=== Section Start ===
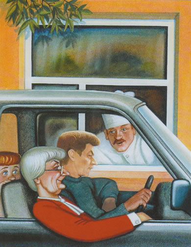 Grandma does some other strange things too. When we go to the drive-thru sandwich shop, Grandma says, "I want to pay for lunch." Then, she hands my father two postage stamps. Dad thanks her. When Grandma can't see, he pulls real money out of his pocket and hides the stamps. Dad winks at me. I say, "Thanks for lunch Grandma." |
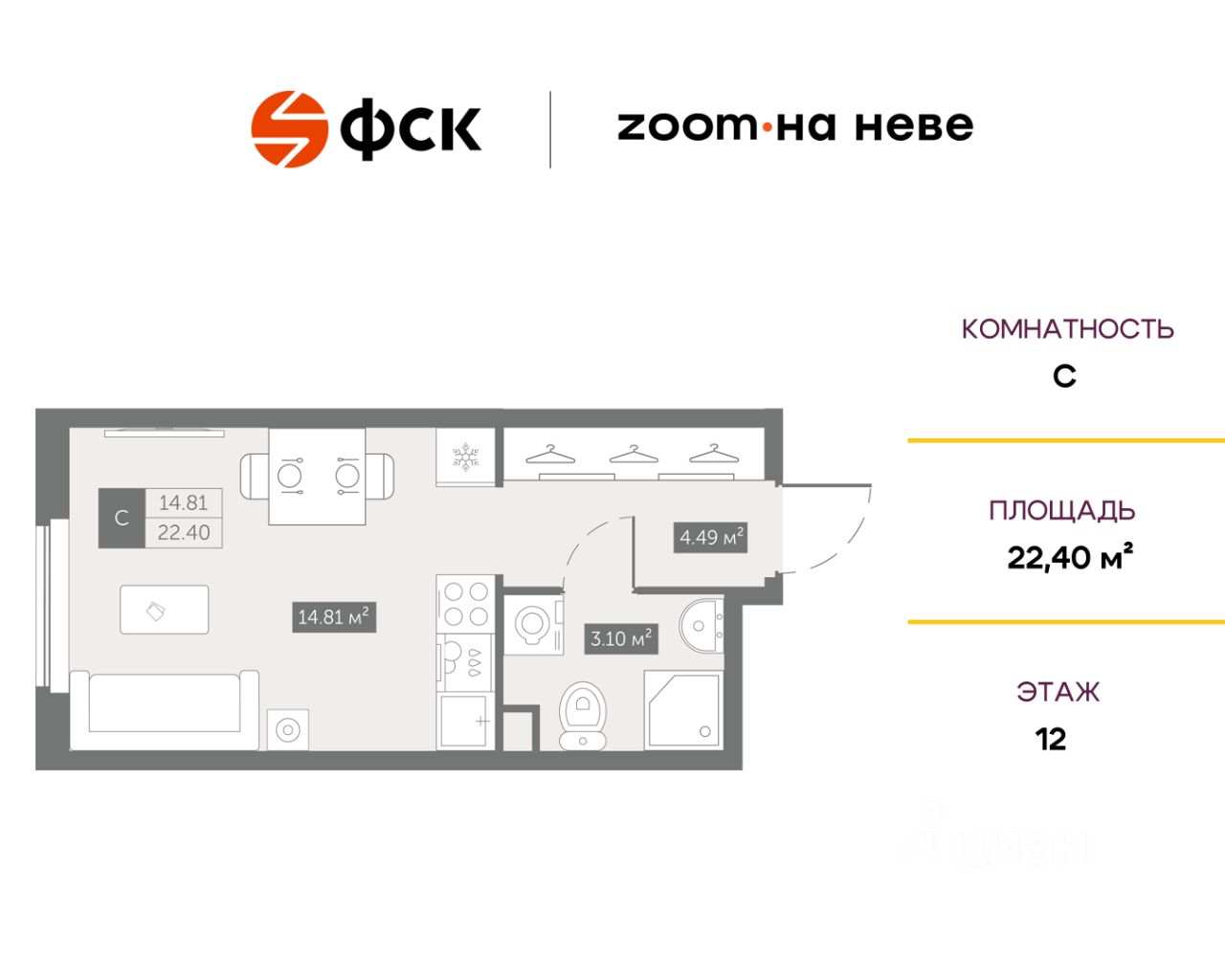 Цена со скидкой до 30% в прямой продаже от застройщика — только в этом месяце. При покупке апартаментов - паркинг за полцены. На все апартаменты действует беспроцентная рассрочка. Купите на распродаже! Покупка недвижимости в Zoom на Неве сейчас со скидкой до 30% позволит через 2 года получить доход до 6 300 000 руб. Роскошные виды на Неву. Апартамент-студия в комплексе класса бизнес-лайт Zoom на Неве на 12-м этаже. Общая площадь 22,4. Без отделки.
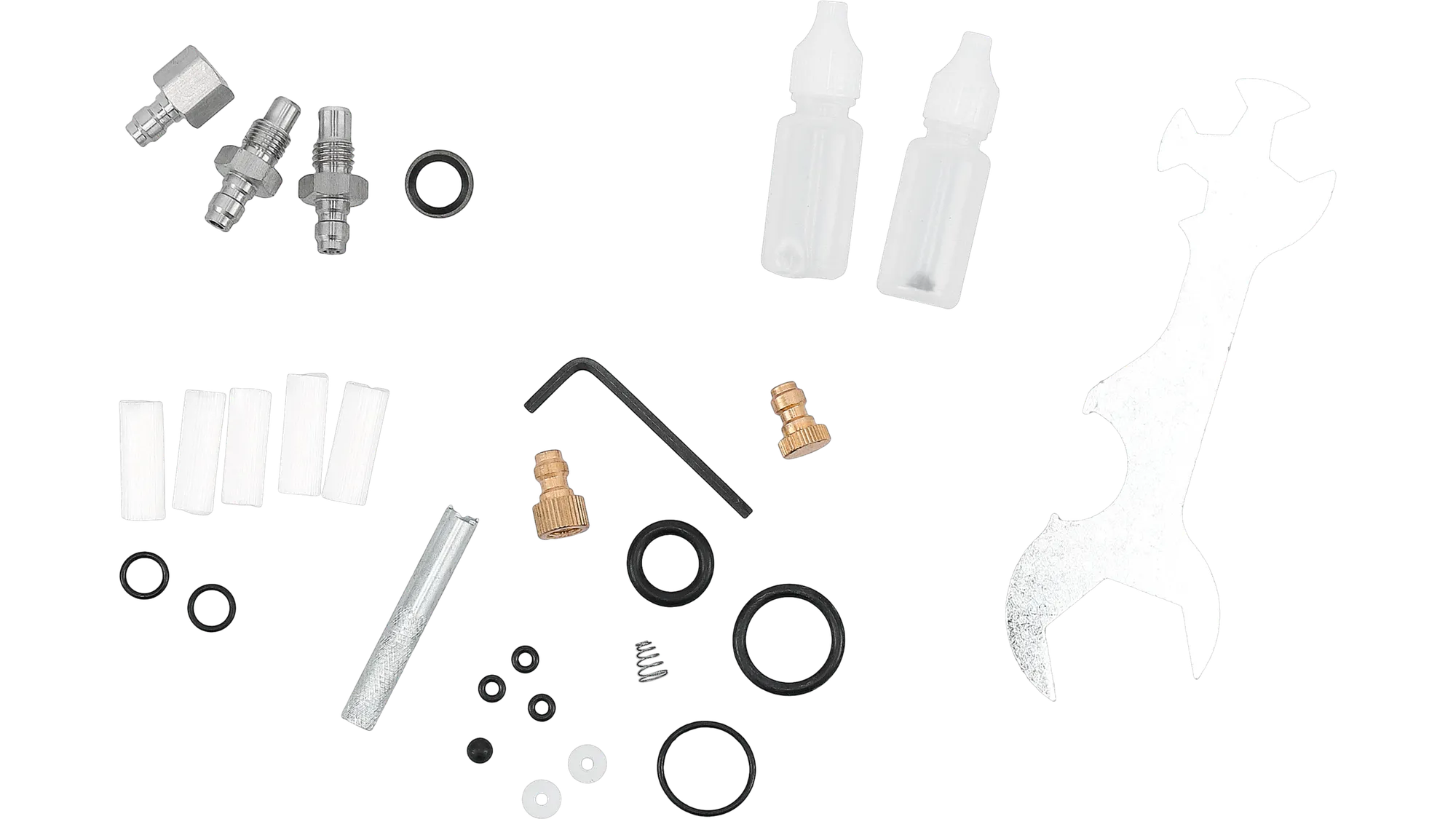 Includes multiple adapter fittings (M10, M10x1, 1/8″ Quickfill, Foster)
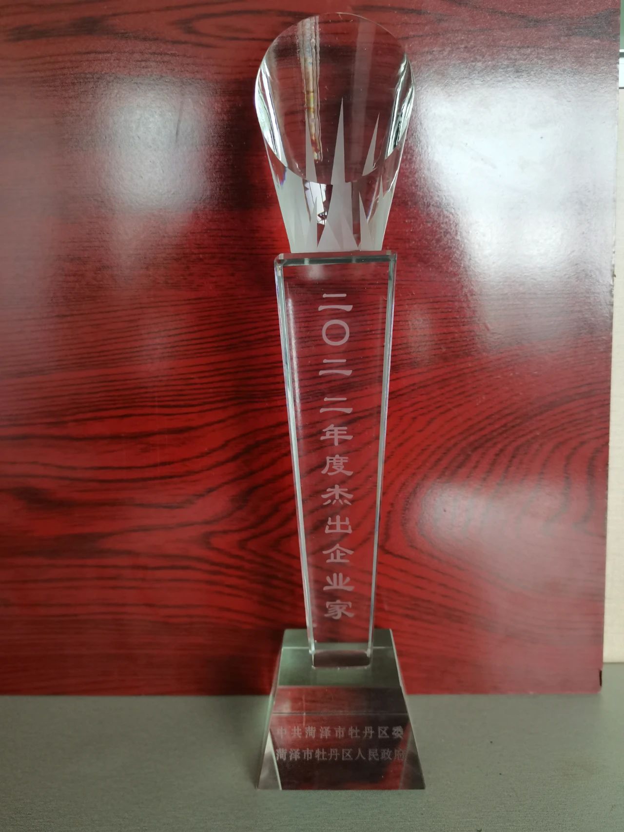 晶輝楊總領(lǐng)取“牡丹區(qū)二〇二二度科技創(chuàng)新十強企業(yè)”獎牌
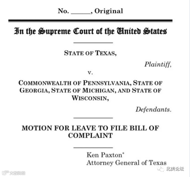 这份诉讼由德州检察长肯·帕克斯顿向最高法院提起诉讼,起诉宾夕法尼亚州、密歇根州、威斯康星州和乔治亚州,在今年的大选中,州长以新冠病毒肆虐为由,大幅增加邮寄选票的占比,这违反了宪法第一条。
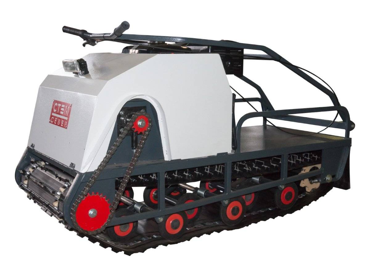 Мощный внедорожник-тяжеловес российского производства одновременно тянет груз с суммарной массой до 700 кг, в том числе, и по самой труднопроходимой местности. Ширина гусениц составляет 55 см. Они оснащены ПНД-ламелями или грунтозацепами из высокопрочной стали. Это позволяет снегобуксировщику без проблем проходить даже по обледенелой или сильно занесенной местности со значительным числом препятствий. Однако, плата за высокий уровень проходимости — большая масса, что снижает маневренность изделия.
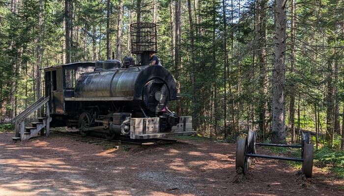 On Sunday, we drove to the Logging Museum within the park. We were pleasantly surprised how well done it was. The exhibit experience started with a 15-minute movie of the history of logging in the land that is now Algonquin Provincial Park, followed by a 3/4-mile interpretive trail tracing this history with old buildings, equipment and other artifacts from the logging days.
=== Section End ===
=== Section Start ===
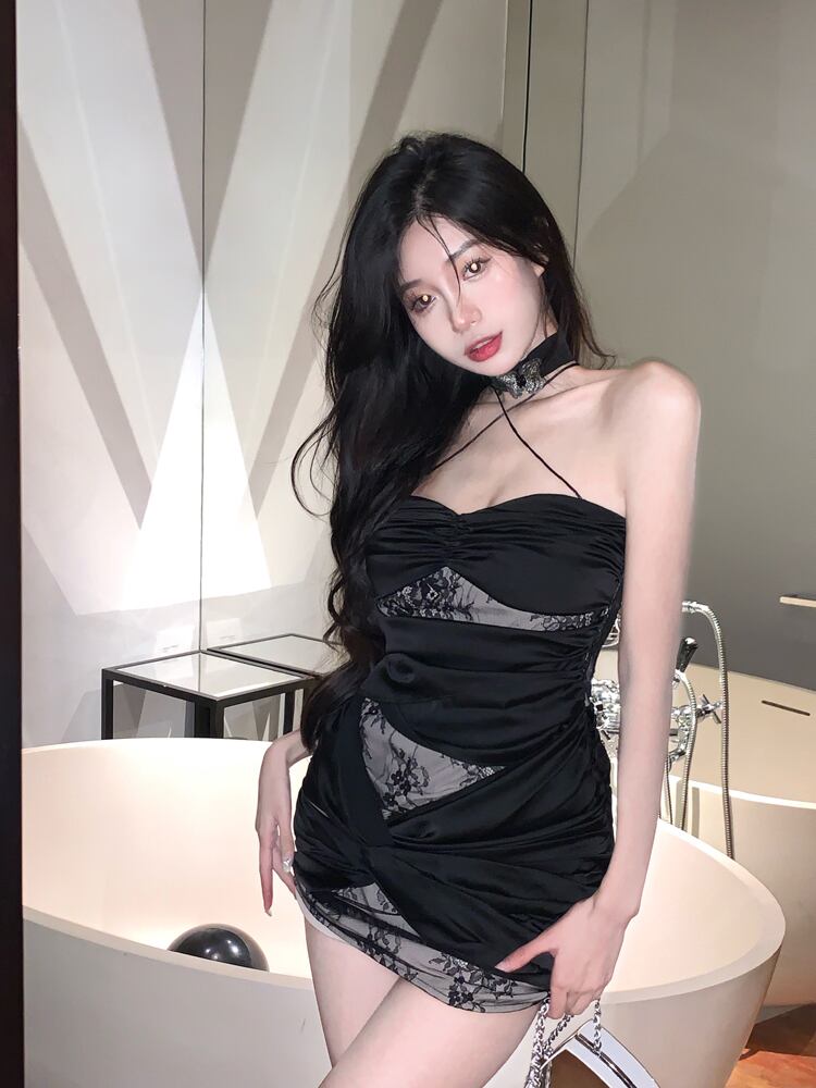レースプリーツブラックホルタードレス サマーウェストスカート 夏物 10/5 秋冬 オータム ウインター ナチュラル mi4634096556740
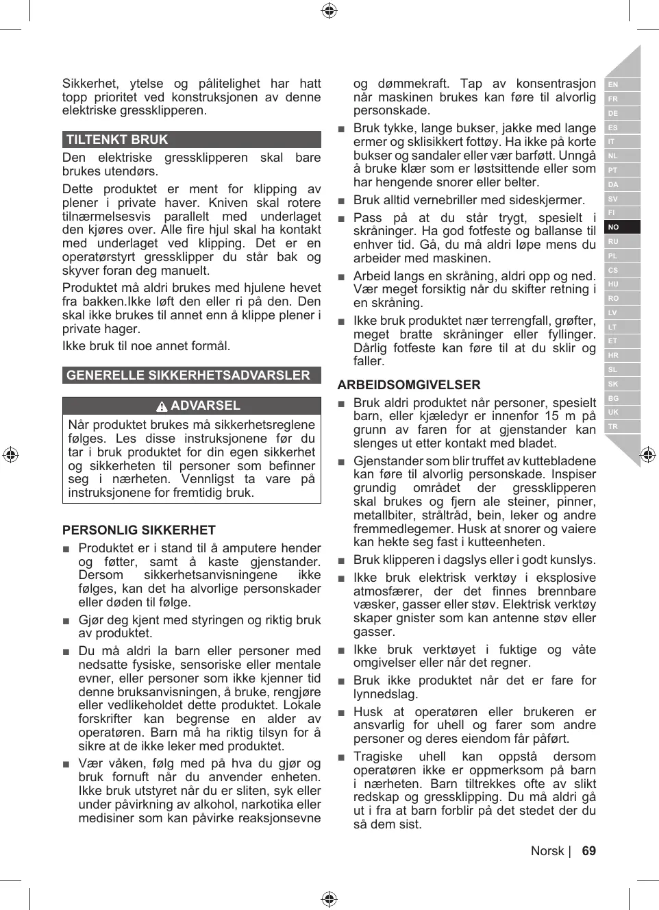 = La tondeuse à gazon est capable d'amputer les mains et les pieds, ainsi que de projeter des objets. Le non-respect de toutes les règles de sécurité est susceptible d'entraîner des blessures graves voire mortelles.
=== Section End ===
=== Section Start ===
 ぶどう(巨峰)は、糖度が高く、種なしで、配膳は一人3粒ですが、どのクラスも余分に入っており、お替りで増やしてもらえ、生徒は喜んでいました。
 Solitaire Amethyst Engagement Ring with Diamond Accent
=== Section End ===
[Required action] Retype exactly the lines of the data above that fall between the line with "ぶどう(巨峰)は、糖度が高く" and the line with "Solitaire Amethyst Engagement", inclusive, and add nothing.

[Response to the task]
 ぶどう(巨峰)は、糖度が高く、種なしで、配膳は一人3粒ですが、どのクラスも余分に入っており、お替りで増やしてもらえ、生徒は喜んでいました。
 Solitaire Amethyst Engagement Ring with Diamond Accent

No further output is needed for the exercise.